Although it is known that ataxia-telangiectasia mutated (ATM) and interleukin 6 (IL-6) contribute to multiple drug resistance (MDR) in tumor chemotherapy, the exact role of ATM activation in MDR resulting from increased IL-6 expression is still unclear. In the present study, we demonstrate that the activation of the ATM-NF-kappaB pathway, resulting from increased IL-6 expression, plays a central role in augmented chemoresistance in lung cancer cell lines. This result was supported by the increased expressions of Bcl-2, Mcl-1, Bcl-xl, and the upregulation of MDR-associated protein ABCG2. The higher level of IL-6 reveals not only higher ATM/NF-kappaB activity but also increased expressions of ABCG2, Bcl-2, Mcl-1 and Bcl-xl. Most importantly, lung cancer cells themselves upregulated IL-6 secretion by activating the p38/NF-kappaB pathway through treatment with cisplatin and camptothecin.
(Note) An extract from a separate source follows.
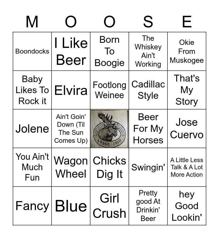 This bingo card has a free space and 77 words: Bubba Shot The Juke Box, Devil Went Down To Georgia, Born To Boogie, A Country Boy Can Survive, Lifestyles Of The Not So Rich & Famous, Somethin' In The Water, Pray For You, Dixieland Delight, Good Little Girls, Legend Of Wooley Swamp, I Don't Even Know Your name, Attitude Adjustment, Footlong Weinee, Baby Likes To Rock it, Drink Drank Drunk, Ain't Goin' Down (Til The Sun Comes Up), Kaw-Liga, hey Good Lookin', Ring Of Fire, Okie From Muskogee, You never Even Called Me By my name, Jolene, Elvira, I Like Beer, The Whiskey Ain't Working, Family Tradition, Honky Tonk Man, Louisiana Saturday Night, Rock My World, Long Haired Country Boy, Watermelon Crawl, If I Could Make A Living, The Fireman, Swingin', That's My Story, Cadillac Style, Money In The Bank, If I Said You Have A Beautiful Body, Jose Cuervo, Pretty good At Drinkin' Beer, 5-1-5-0, Red Solo Cup, The More I Drink, Friends In Low Places, Ol' Red, Some beach, Fancy, Boondocks, All Jacked Up, Dust On The Bottle, Hold My beer, Chicks Dig It, Before he Cheats, Snapback, Guys Like Me, Better Class Of Losers, Drink Swear Steal & Lie, Hillbilly bone, Lightning Does The Work, Save Water Drink Beer, Wagon Wheel, Are You Gonna Kiss Me Or Not, H.O.L.Y, John Deere Green, Meet In The Middle, Past The Point Of Rescue, Goin' Through the Big D, Beer For My Horses, Drinkin' Bone, I Feel lucky, Be My Baby Tonight, A Little Less Talk & A Lot More Action, You Ain't Much Fun, Blue, Did I Shave My Legs For This?, Girl Crush and Pontoon.

Taken together, these findings demonstrate that chemotherapeutic agents increase IL-6 expression, hence activating the ATM/NF-kappaB pathway, augmenting anti-apoptotic protein expression and contributing to MDR. This indicates that both IL-6 and ATM are potential targets for the treatment of chemotherapeutic resistance in lung cancer.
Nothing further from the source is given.